**PROBLEM:** From the data below, return only the lines from the one with "Dubai Media office" through the one with "Encontraremos la orden", exact and inclusive, with pictures left out.
*** Opening of LISTED ENTRIES ***
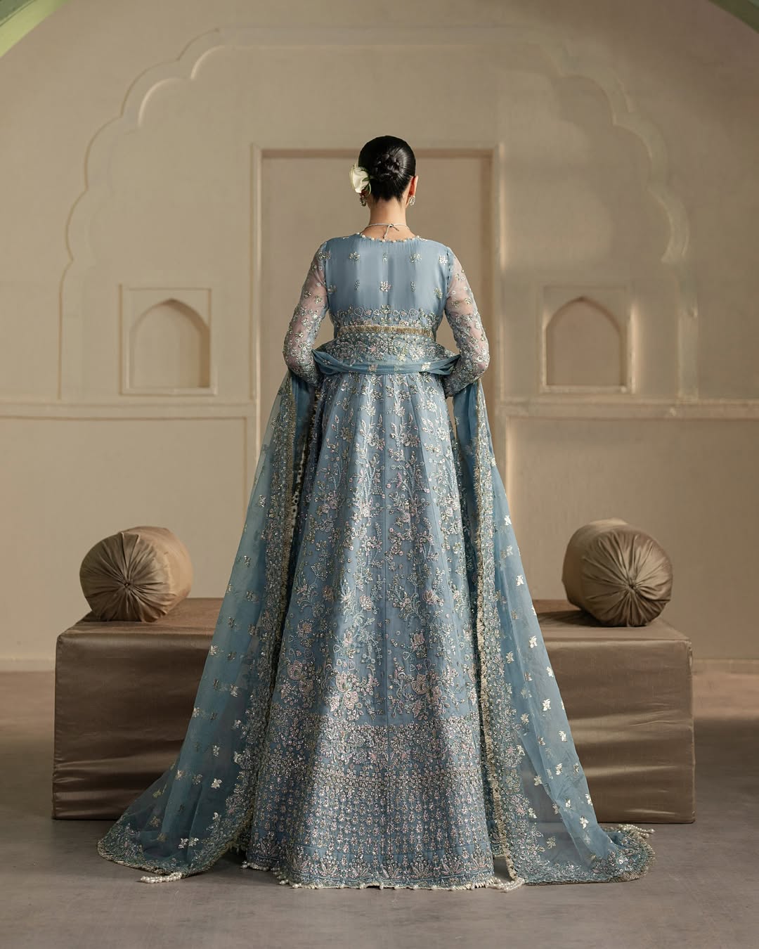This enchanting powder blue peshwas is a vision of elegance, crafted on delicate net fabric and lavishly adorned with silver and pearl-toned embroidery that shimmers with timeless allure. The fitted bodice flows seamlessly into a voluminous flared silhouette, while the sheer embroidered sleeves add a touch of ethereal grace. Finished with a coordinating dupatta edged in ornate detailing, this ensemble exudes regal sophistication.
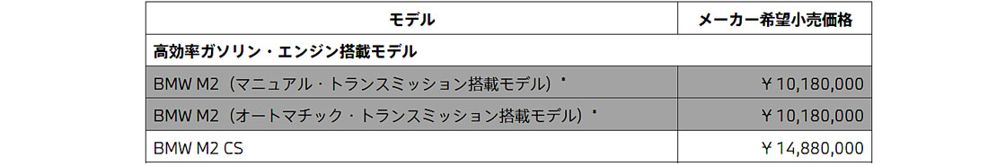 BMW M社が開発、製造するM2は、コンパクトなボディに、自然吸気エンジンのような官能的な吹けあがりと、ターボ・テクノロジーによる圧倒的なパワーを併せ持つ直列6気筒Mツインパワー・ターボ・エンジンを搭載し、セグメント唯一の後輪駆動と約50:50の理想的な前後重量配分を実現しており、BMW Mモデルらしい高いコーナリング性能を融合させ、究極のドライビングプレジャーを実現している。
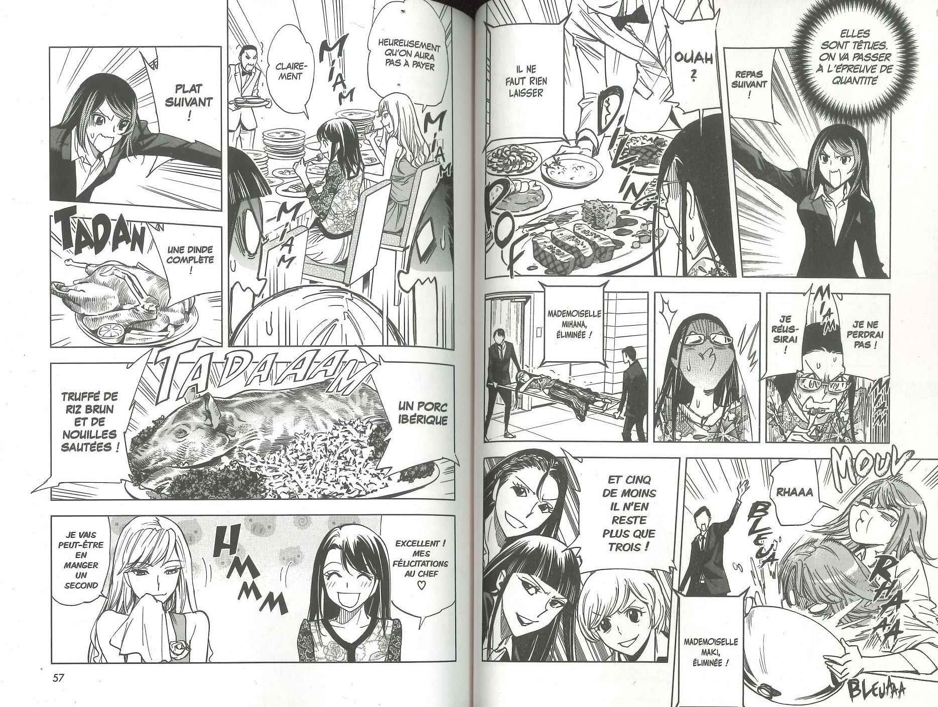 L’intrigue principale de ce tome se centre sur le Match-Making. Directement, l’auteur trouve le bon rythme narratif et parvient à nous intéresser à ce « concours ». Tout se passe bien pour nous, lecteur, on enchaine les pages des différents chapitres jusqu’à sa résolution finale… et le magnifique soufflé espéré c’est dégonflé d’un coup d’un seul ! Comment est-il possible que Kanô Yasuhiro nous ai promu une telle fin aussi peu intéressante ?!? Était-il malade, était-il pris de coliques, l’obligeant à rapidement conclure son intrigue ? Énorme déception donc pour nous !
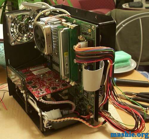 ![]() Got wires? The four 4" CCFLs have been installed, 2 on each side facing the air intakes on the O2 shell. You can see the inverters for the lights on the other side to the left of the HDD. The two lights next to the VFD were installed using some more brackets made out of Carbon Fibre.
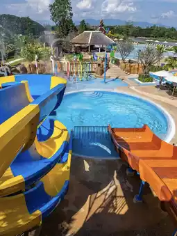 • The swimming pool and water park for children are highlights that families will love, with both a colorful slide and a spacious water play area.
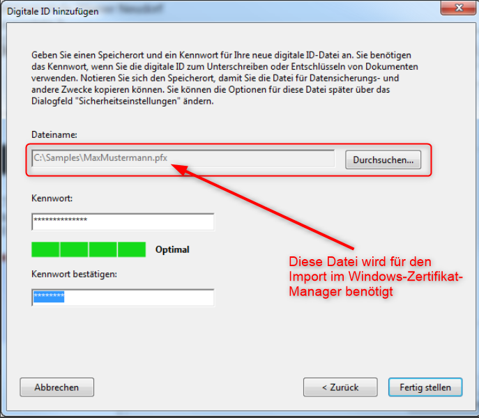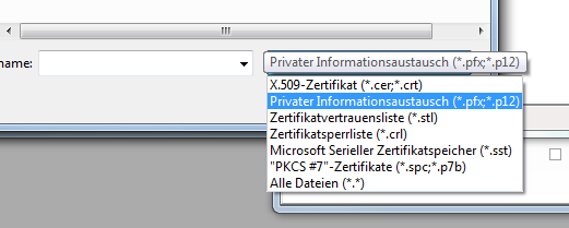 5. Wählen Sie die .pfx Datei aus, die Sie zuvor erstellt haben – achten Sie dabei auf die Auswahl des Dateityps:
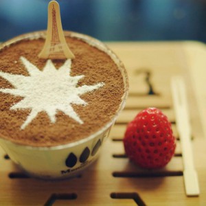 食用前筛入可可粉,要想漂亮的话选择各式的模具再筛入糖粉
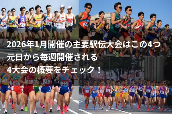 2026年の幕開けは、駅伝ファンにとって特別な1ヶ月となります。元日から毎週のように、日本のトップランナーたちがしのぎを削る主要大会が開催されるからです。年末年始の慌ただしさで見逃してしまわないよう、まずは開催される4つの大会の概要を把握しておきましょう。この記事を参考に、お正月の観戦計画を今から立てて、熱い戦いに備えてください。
*** Close of LISTED ENTRIES ***
*** Opening of LISTED ENTRIES ***
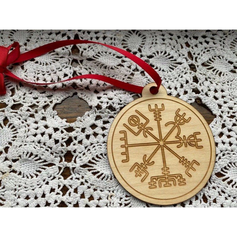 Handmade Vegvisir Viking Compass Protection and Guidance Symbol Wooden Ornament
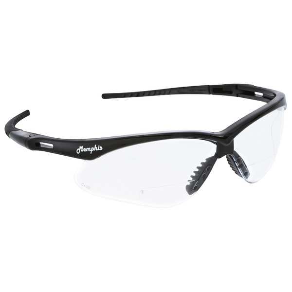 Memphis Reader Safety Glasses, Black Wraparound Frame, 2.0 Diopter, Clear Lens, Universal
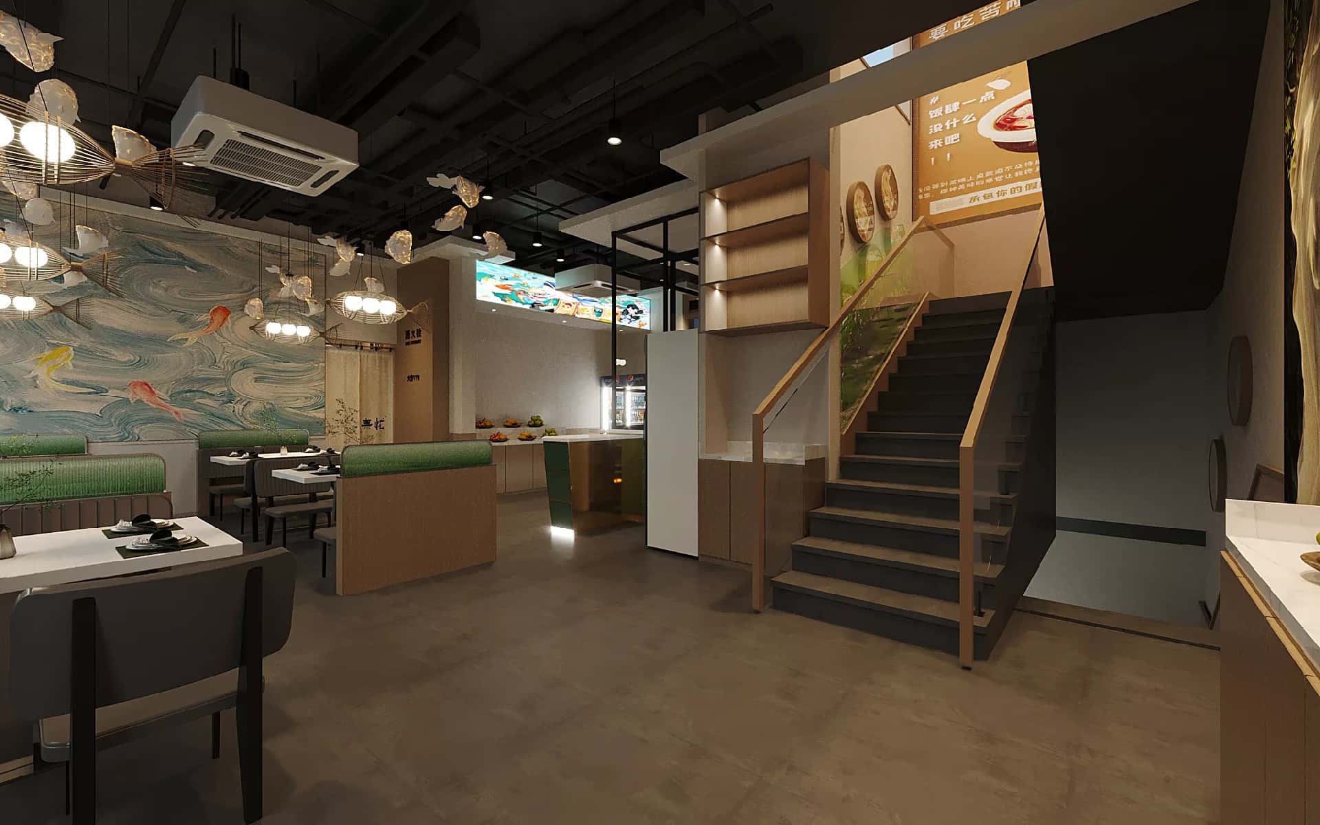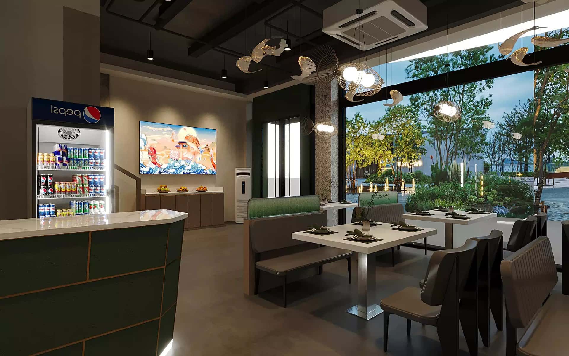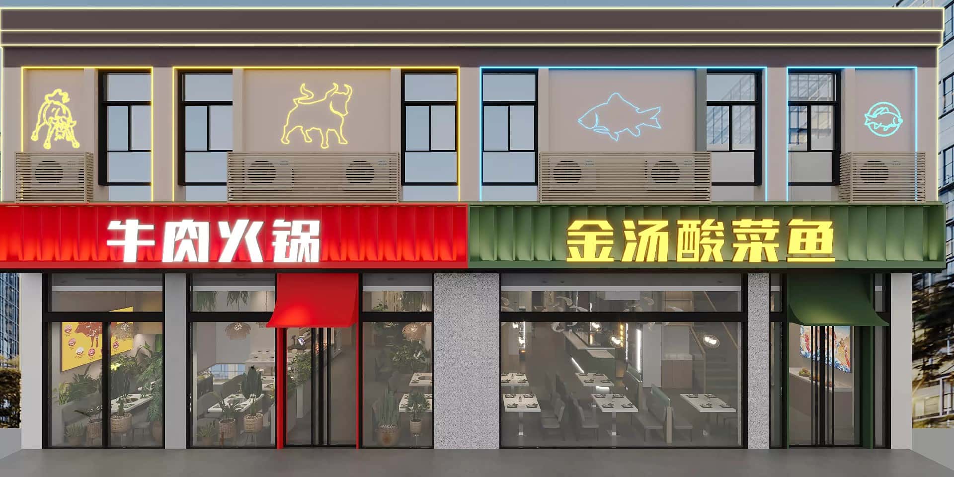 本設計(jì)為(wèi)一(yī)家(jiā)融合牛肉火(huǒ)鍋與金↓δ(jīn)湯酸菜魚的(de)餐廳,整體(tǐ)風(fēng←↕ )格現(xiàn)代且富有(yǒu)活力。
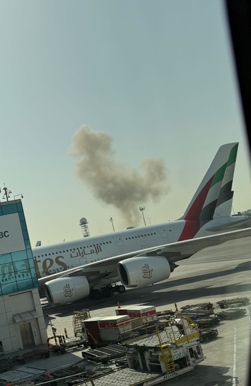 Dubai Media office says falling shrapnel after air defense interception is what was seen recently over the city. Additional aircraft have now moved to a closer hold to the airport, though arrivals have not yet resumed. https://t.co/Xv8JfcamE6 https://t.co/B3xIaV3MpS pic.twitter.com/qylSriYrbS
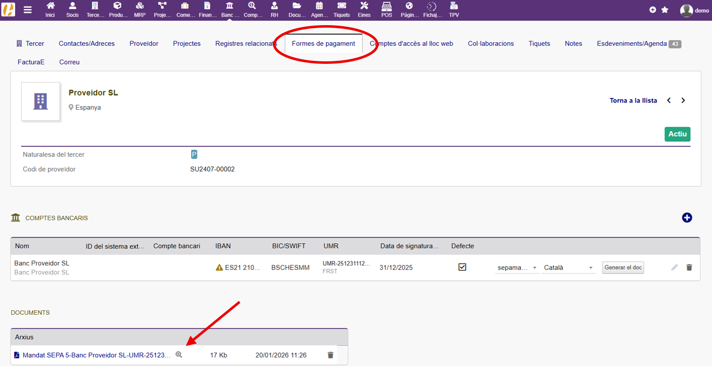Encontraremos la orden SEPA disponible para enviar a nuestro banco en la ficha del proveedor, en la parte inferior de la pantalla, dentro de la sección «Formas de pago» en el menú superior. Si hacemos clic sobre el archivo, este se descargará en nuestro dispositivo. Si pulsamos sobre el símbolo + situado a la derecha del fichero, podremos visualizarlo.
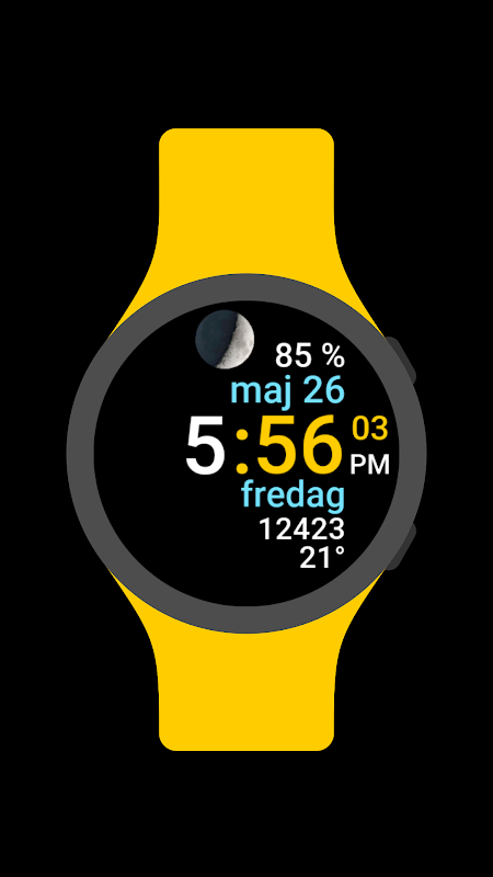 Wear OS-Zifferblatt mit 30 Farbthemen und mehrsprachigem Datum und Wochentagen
*** Close of LISTED ENTRIES ***
**ANSWER TO THIS PROBLEM:**
 Dubai Media office says falling shrapnel after air defense interception is what was seen recently over the city. Additional aircraft have now moved to a closer hold to the airport, though arrivals have not yet resumed. https://t.co/Xv8JfcamE6 https://t.co/B3xIaV3MpS pic.twitter.com/qylSriYrbS
Encontraremos la orden SEPA disponible para enviar a nuestro banco en la ficha del proveedor, en la parte inferior de la pantalla, dentro de la sección «Formas de pago» en el menú superior. Si hacemos clic sobre el archivo, este se descargará en nuestro dispositivo. Si pulsamos sobre el símbolo + situado a la derecha del fichero, podremos visualizarlo.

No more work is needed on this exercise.